But in a way this is all about modelling the known unknowns not the black swan events where the past is no guide to the present. once your retirement time horizon is increased from 30 years to 45 years the odds of such an event goes up to - I'm not sure if it is linear increase in risk with time or actually exponential.I think....1 -
harlequinnyc said:My current thought is that I am going to tough it out at work for another 7 months and hand my notice in the week before my 51st birthday. Those months will top up our savings a bit more, giving us enough to live on (husband still working and happy to continue) to see us through to my DB pension at 55; thought then is to take my lump sum to live on and maybe leave my pension where it is until later?. Not sure whether to exchange the max I can of £1 pension for £12 extra on lump (it would still be tax free, right?). This will see us through to SPA. Our future plan is to sell our house at around (very approximate) age 75-80 and move into rented accommodation, as we have no dependents, therefore freeing up more cash to live on.

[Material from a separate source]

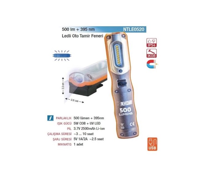 Nt Lights NTLE0520 500 Lümen + UV395 Nm Şarjlı Mıknatıslı Oto Tamir Feneri Led Lamba

I also have access, should I need any, to an inheritance but honestly, so confused whether to leave this alone in case it may needed to pay for care, or be spending and getting enjoyment out of it now (I do have the parents blessing to use this btw). Any thoughts/advice? Am I missing anything, as it does all maybe seem a bit simple and too good to be true? I've done the SP forecast, I have 35 years full NI contributions, which it is saying is 3 years short of the full SP; which I can live with. I do not think I can put another 3 years of work in for a few more pounds of SP.
Only other question is when I let my boss know of this plan? The naughty me says meh, give him 4 weeks notice, he hasn't done you any favours. The kind me says give him around 3 months forewarning, as I do think he will struggle to find a replacement in four weeks.
Can you take your lump sum without taking your annual pension? Not sure this is possible with most schemes.
Have you considered living off savings/ inheritance so not giving up guaranteed annual pension inflation increase.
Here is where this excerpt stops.